These ceilings are usually either complexity ceilings or size ceilings (such as RAM). Let's look at a common Perl approach and then some SQL problems that tend to be ceiling bound.

Perlers often use lists of lists and/or pointers to lists to store and process collections. Perl "associative arrays" are basically a RAM table with 2 columns and one index (to the "key" column). If the requirements suddenly change, such as the need for 3 columns, or 2 indexes with persistence, one then has to completely revamp the way fields and/or indexing is done. Perlers usually add a second level of complexity in the form of a list of pointer or a list of lists. In ITOP, or even XBase, these additions would be dirt simple. There is nothing magic about the limit of 2 columns and one index, so why does Perl and array-centric thinking impose this arbitrary limit?

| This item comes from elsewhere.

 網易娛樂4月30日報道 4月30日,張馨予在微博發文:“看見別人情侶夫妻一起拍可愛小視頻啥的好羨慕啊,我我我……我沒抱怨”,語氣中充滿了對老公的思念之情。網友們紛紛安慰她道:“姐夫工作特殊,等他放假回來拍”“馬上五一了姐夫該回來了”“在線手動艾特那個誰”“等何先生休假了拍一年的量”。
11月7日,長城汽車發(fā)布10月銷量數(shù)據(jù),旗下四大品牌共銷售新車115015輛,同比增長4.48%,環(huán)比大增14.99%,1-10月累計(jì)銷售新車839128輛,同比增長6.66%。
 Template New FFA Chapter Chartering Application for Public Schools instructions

Note that I have proposed using associative arrays elsewhere quite a few times. This may seem like a contradiction. However, those uses are generally an interface mechanism and not data collection management.
Although I find pointers to pointers nasty and error-prone to work with in almost any form, let us just assume that this approach is fine in some cases. However, if the complexity of the structure, the quantity and variety of operations keeps growing, or the size of such structures increase beyond a certain amount; then the typical response is to use a more powerful relational database add-in. Aside from the fact that DB API's can be bureaucratic to work with, one has to convert the native pointer structure and much of its processing into something the DB API's can use.

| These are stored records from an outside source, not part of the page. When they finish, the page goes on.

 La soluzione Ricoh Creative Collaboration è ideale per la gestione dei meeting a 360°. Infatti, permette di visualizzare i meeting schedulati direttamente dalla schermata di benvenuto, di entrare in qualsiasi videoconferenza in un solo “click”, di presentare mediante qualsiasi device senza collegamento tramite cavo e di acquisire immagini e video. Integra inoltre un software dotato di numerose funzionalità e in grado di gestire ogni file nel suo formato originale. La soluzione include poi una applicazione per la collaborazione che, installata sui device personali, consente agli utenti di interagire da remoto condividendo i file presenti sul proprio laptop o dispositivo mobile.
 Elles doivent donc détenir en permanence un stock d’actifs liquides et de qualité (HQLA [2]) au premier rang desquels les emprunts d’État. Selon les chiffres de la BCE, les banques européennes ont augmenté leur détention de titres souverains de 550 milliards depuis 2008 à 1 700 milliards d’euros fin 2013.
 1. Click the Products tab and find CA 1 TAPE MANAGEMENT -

Thus, there are roughly 3 different kinds of interfaces one has to use as a collection graduates from simple to middle-level to complex:

  1. A regular or associative array.
  2. An array of arrays (or a list of pointers) if the structure grows beyond 2 columns or 1 index. (A "doubling-up," if you will.)
  3. Relational API's when heavy persistence, concurrency, or size is needed.

I see no reason why the same basic interface cannot be used from baby collections to Oracle-size collections. Why the industry tolerates this, I have no idea. Perhaps because they have not seen collections done right.

Note that there may be some minor setting differences as collections scale. For example, transaction markers and concurrency error handling may need to be specified for the higher-end collections. However, these can be treated as additions to the existing code, not overhauls.

Now let's look at traditional SQL operations. SQL is usually fine for fairly simple processing stuff. However, as the number of expressions, links (joins), and/or fields increase; SQL can get nasty at times. Standard SQL lacks many block-box (subroutines) and reference reduction (factoring) techniques found in most programming languages (and promoted as "a good practice"). In standard SQL you usually cannot assign variables, macros, subroutines, etc. to complex or repeating parts in order to break the logic and sequence down into more manageable parts. You simply end up with one big, messy string with lots of parenthesis. Beyond a certain complexity point one has to break the statement into 2 or more separate SQL statements.

Further, if set-oriented operations are no longer sufficient to handle the complexity of the job, the entire SQL statement has to be converted into a cursor-oriented approach that deals better with one record at a time. It is like having to stop, backup for several miles, and then start again on a different path. (See SQL Criticism.)

ITOP offers several techniques to avoid or reduce overhauls from complexity and size changes. The primary technique is the provision of a built-in set of standard, common, rudimentary, yet powerful collection operations (described above). Other techniques include internal-aware expression evaluation and the blurring of set-orientation versus cursor-orientation in database commands. (Set-oriented operations have some significant advantages in traditional client/server setups, however, one should have a choice, especially if the bandwidth between the client and the server is sufficient.)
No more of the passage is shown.